Experimenting with fully on-device meeting processing using Qwen 3
Experimenting#32 · by Marshall (developer) · Mar 28, 2026
Experimenting with fully on-device meeting processing using Qwen 3.5 9B, an open-source language model that runs locally on your Mac via Apple's MLX framework.
Meeting assistant briefings, action items, and potentially full meeting summarization could run entirely on your device with no internet connection required.
Early quality results: In benchmark testing across 10 meeting scenarios (goal tracking, interpersonal dynamics, reference context usage, multi-speaker chaos), the on-device model with a tuned prompt scored 90% on our grading rubric — matching Gemini 3 Flash cloud performance.

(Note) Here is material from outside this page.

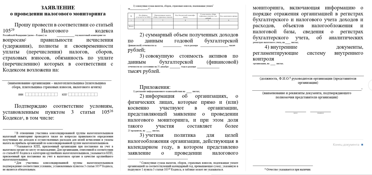 заявление о проведении налогового мониторинга;

System requirements we're targeting:
- Apple Silicon Mac with 16+ GB RAM (model uses ~5.6 GB)
- Best experience: M1 Max, M2 Max, M3 Max, M4 Pro, or newer (~1-3 second briefings)
- Usable on any Pro chip (~3-5 seconds)
- Base chips work but slower (~5-10 seconds)
- ~5.6 GB one-time download, stored locally
What's next: Exploring structured output (JSON) support for action items and meeting summaries, which would enable fully offline meeting processing end-to-end.
Comments (1)
Posted a video walkthrough testing Qwen 3.5 9B with the meeting assistant: https://www.youtube.com/watch?v=zVlj9gzmAaA
Covers latency on M1 Max (~10-12s), memory usage (~7GB), projected M5 performance, and why we're not shipping it yet. Grammar correction works well on-device, but meeting intelligence still needs cloud models.